Two strategic reservations are guiding their thinking, I’m told. The first is the immediate downside hardliners discovered the last time around: Electing a Republican speaker is really hard, doing anything without a speaker is effectively prohibited, and finding an alternative to Johnson that every Republican could support is nearly impossible, especially with what is now a one-vote majority. (Rep. Mike Gallagher left Congress last Friday, joining Ken Buck, George Santos, Bill Johnson, and McCarthy as private citizens.)

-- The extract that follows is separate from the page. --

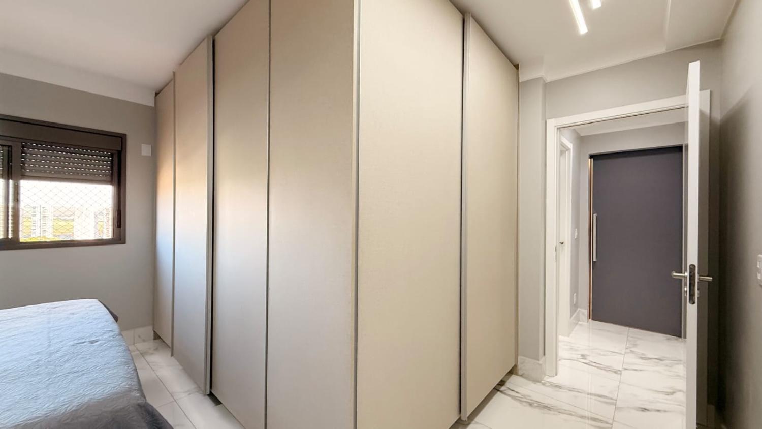 Suíte 2: armários planejados com portas de correr, excelente espaço interno e ar-condicionado
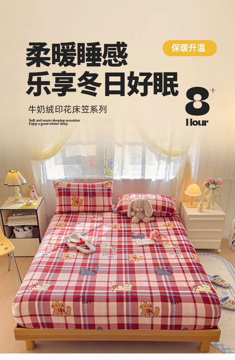(总)灿哈家纺 2025新款牛奶绒印花床笠单品床笠床笠单件床笠三件套,组合图仅做展示不可下单,斑点小狗,草莓粉,高贵紫,格子猫,格子猫-咖色,格子猫-蓝色,哈基米,海水蓝,后花园,酒红,咖啡熊,咖色,可爱猫咪,深粉,小宝贝,小乖乖,仔仔乐园

Second, of course, is the fear that any replacement would almost certainly be worse. “If you vacate Johnson, we’re not electing a Republican Speaker,” a senior G.O.P. aide close to leadership told me bluntly. “Like, we barely elected him. The margins are smaller now… Hell, with the margins as tight as they are, you could accidentally elect [Democratic Minority Leader] Hakeem Jeffries. But more realistically, you end up with some sort of negotiated speaker who is palatable to enough Democrats and enough Republicans for them to become Speaker of the House.”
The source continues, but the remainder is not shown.